*Work instruction*
From the data below, return only the lines from the one with "Niżnia Królewska Baszta Adam" through the one with "6月12日,tyc522cc", exact and inclusive, with pictures left out.

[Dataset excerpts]
[Start of Attachment]
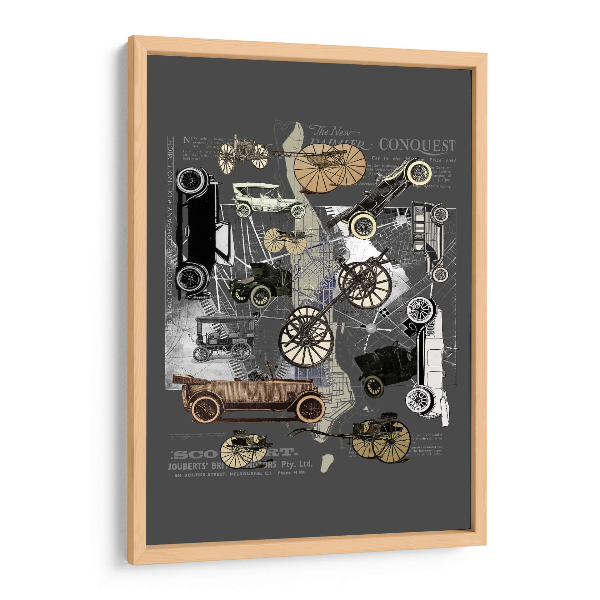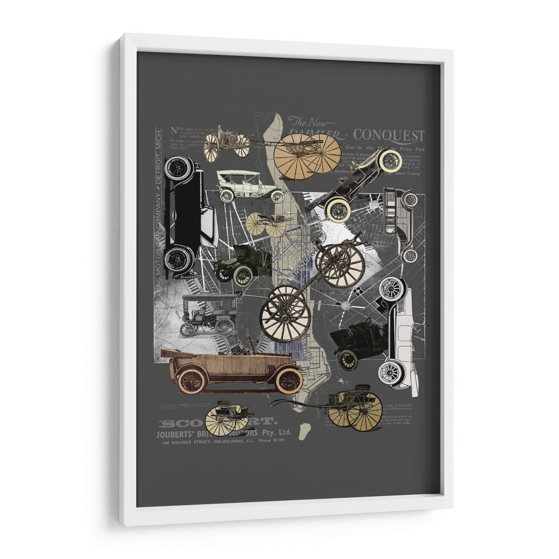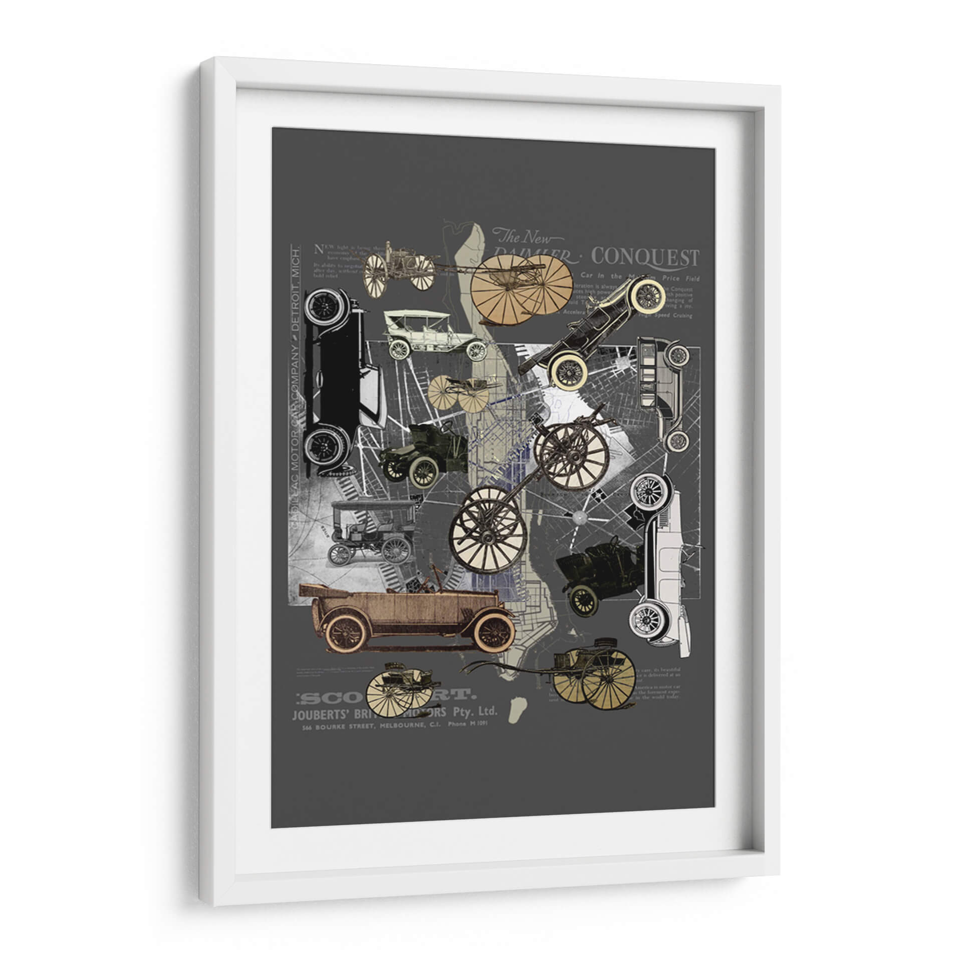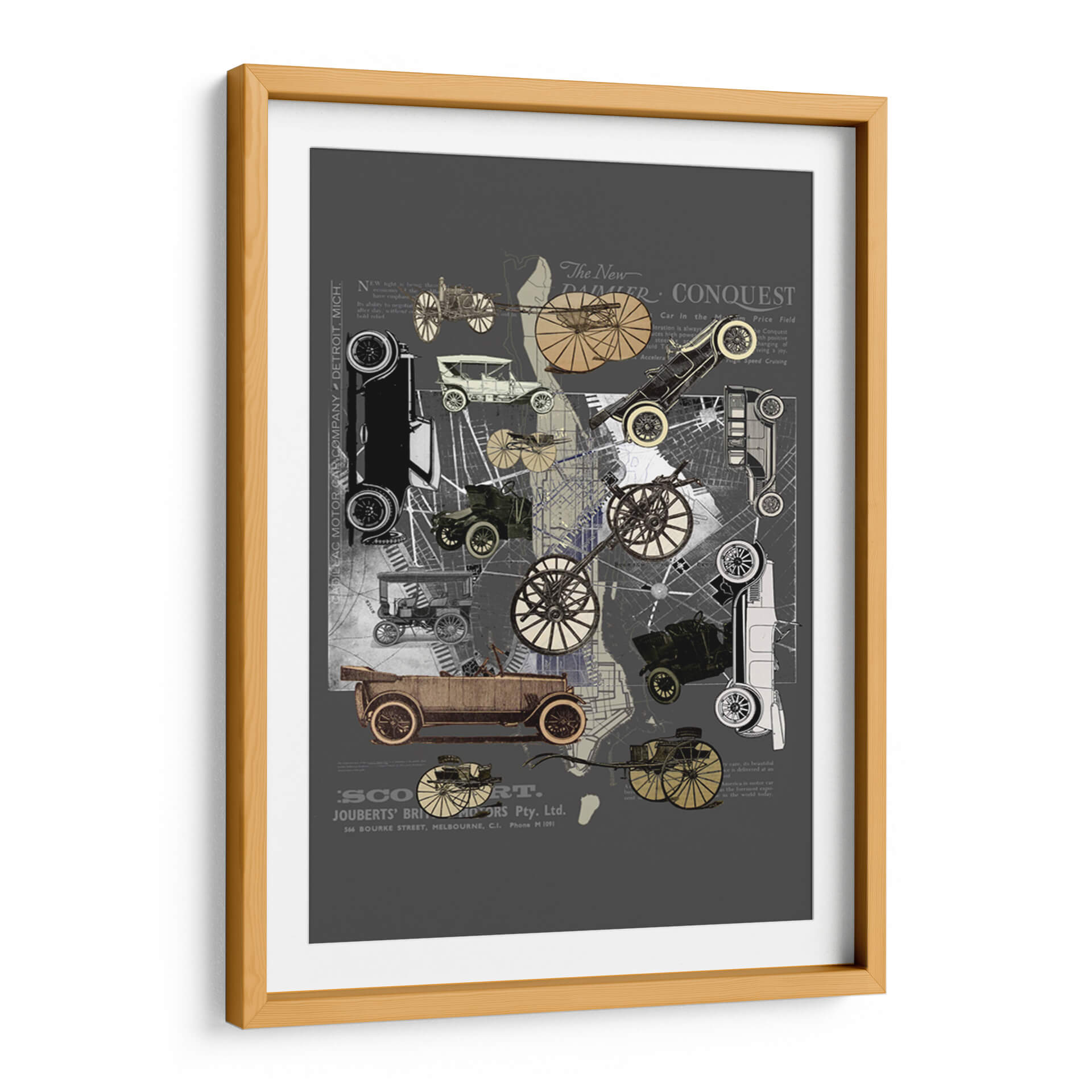 Sumérgete en la nostalgia y el encanto de una era pasada con este cautivador cuadro decorativo 'Vehículos de Nueva York' de Pawel Pacholec. La obra presenta un collage artístico que entrelaza imágenes de automóviles clásicos de principios del siglo XX, mapas urbanos y fragmentos de texto antiguo, creando una composición dinámica y llena de detalles. La paleta de colores, dominada por tonos grises, sepia y acentos dorados, evoca una sensación de autenticidad histórica y sofisticación. El estilo, que combina elementos de collage, vintage y gráfico, es perfecto para quienes aprecian el diseño retro y la historia del transporte. Este cuadro decorativo es ideal para añadir un toque de carácter único a cualquier espacio, desde una sala de estar moderna hasta una oficina con inspiración industrial o un estudio. Su temática sobre la evolución de la movilidad urbana y el diseño automotriz atraerá a entusiastas de los coches clásicos y amantes del arte con un gusto por lo nostálgico. Transforma tu pared en una ventana al pasado con esta pieza evocadora y estilizada, un verdadero homenaje a la ingeniería y la estética de antaño.
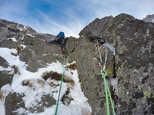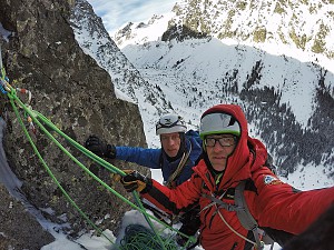 Niżnia Królewska Baszta Adam Wojdyła i Paweł Orawiec - zdjęcia ze wspinaczkiNiżnia Królewska Baszta - Dolina Staroleśna droga: Piranha M6+ OS 31.01.2019 Dodano: 31 stycznia 2019 r.
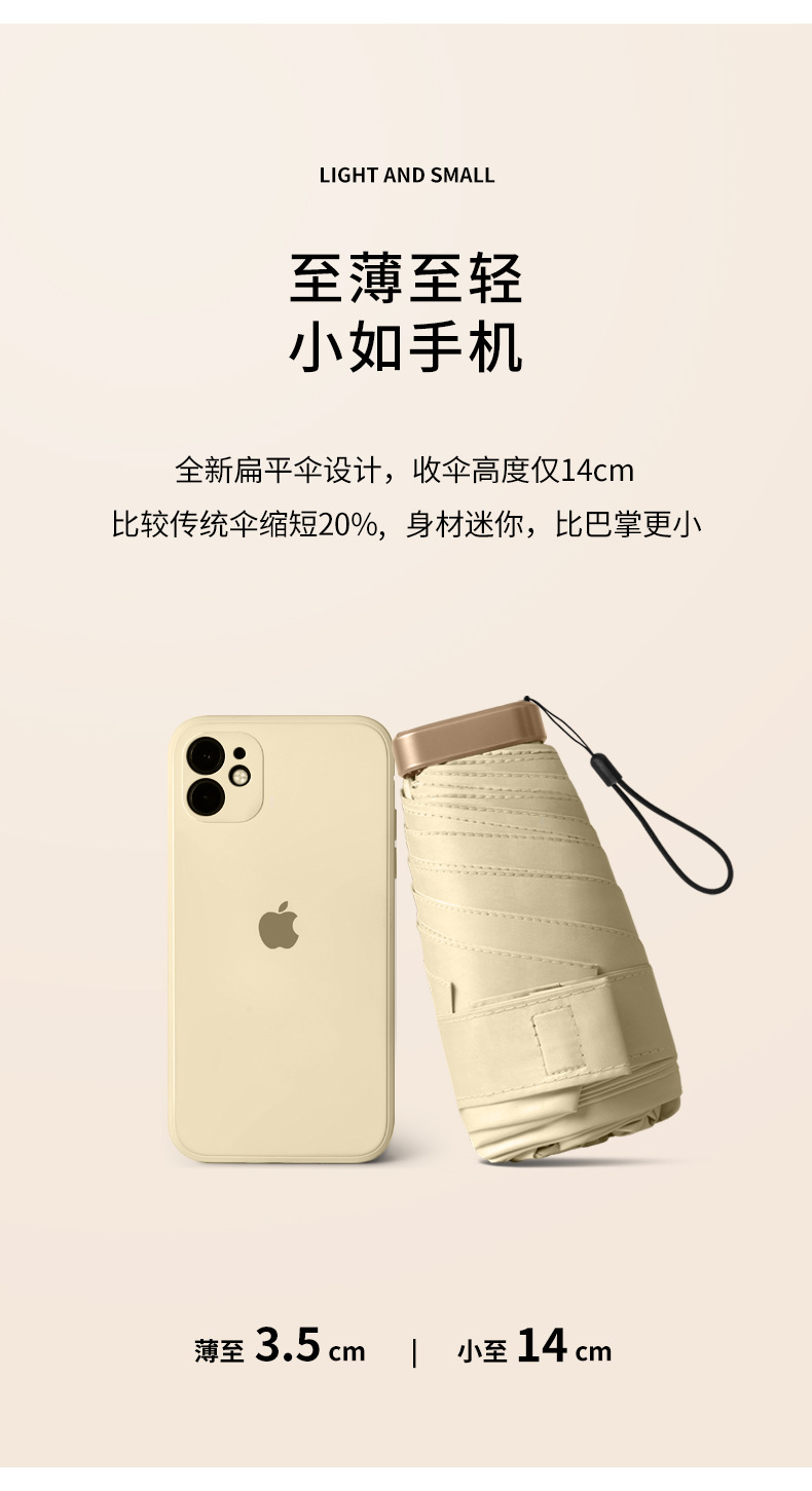 미니 포켓 6 배 평면 태양 우산 태양 보호 자외선 보호 우산 여성 비 이중 사용 태양 우산 작은 휴대용스토어 가기
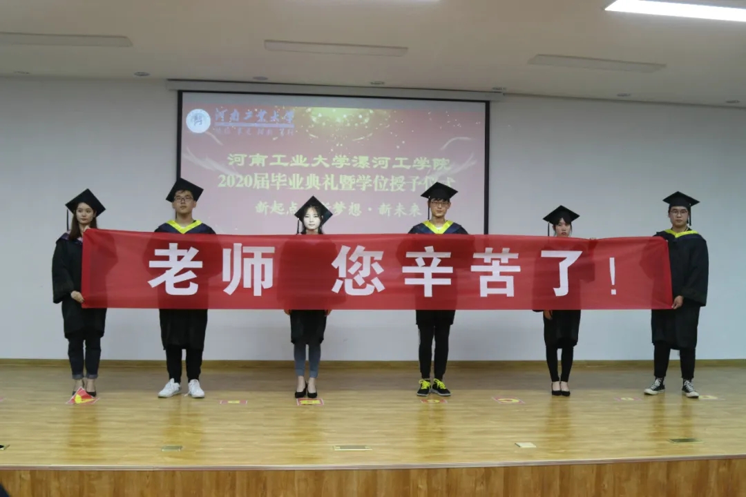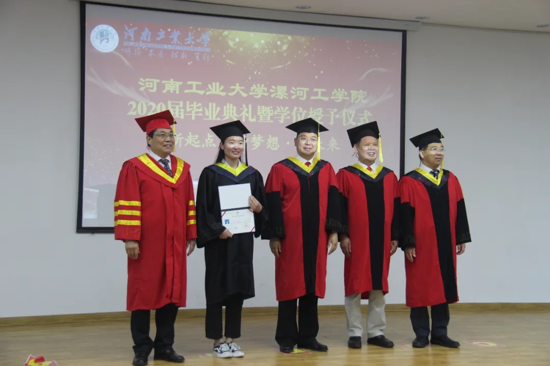 6月12日,tyc522cc太阳成集团举行2020届本科生毕业典礼暨学位授予仪式,庆祝首届85名本科生顺利毕业。河南工业大学副校长陈复生教授,tyc522cc太阳成集团党委书记顾文明教授、校长王春阳教授,河南工业大学教务处处长杨六栓教授,tyc522cc太阳成集团纪委书记薛存心,副校长朱晓红、王变奇、代骅,工会主席吕爱华,各处室、院系负责人,2020届全体毕业生、师生代表以及新闻媒体的朋友参加活动。毕业典礼由纪委书记薛存心主持。
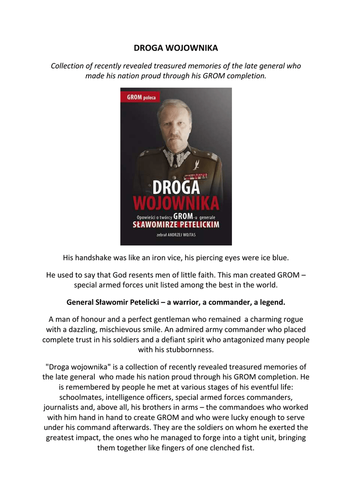 DROGA WOJOWNIKA Collection of recently revealed treasured memories of the late general who made his nation proud through his GROM completion. His handshake was like an iron vice, his piercing eyes were ice blue. He used to say that God resents men of little faith. This man created GROM – special armed forces unit listed among the best in the world. General Sławomir Petelicki – a warrior, a commander, a legend. A man of honour and a perfect gentleman who remained a charming rogue with a dazzling, mischievous smile. An admired army commander who placed complete trust in his soldiers and a defiant spirit who antagonized many people with his stubbornness. "Droga wojownika" is a collection of recently revealed treasured memories of the late general who made his nation proud through his GROM completion. He is remembered by people he met at various stages of his eventful life: schoolmates, intelligence officers, special armed forces commanders, journalists and, above all, his brothers in arms – the commandoes who worked with him hand in hand to create GROM and who were lucky enough to serve under his command afterwards. They are the soldiers on whom he exerted the greatest impact, the ones who he managed to forge into a tight unit, bringing them together like fingers of one clenched fist. “General Sławomir Petelicki was a courageous and entrepreneurial officer, and they are rare, who had the character, vision and drive, during a period of transformation and confusion, to set up GROM in the face of considerable opposition. It was also a capability his country greatly needed. There are few military men who can claim to be founders of such a unit. To a great friend and a great Pole!” Aldwin Wight, former SAS Commander “While I knew General Petelicki and had great respect for his initiative in creating GROM, I am afraid I do not have much to contribute. I did visit his unit on his invitation, and I thoroughly enjoyed the event and was impressed by what he had accomplished. When I was serving in the US government, one of my responsibilities was to be informed about the development of similar units in the United States (which in fact General Petelicki told me precipitated his own initiative), and I was very struck by the similarity of the rigorous training and the demanding expectations placed on the young men eager to be challenged and determined to serve their country on the very front line”. Zbigniew Brzezinski, USA National Security Advisor to President Jimmy Carter “Sławomir Petelicki symbolized Poland for Americans - proud, patriotic and always hopeful despite adversity. His legacy and achievements should be an inspiration to all Poles”. Michael Sulick, former Director of the U.S. National Clandestine Service Znak Publishers 304 pages ISBN 978-83-240-2403-2
[End of Attachment]
*Written solution*
 Niżnia Królewska Baszta Adam Wojdyła i Paweł Orawiec - zdjęcia ze wspinaczkiNiżnia Królewska Baszta - Dolina Staroleśna droga: Piranha M6+ OS 31.01.2019 Dodano: 31 stycznia 2019 r.
 미니 포켓 6 배 평면 태양 우산 태양 보호 자외선 보호 우산 여성 비 이중 사용 태양 우산 작은 휴대용스토어 가기
 6月12日,tyc522cc太阳成集团举行2020届本科生毕业典礼暨学位授予仪式,庆祝首届85名本科生顺利毕业。河南工业大学副校长陈复生教授,tyc522cc太阳成集团党委书记顾文明教授、校长王春阳教授,河南工业大学教务处处长杨六栓教授,tyc522cc太阳成集团纪委书记薛存心,副校长朱晓红、王变奇、代骅,工会主席吕爱华,各处室、院系负责人,2020届全体毕业生、师生代表以及新闻媒体的朋友参加活动。毕业典礼由纪委书记薛存心主持。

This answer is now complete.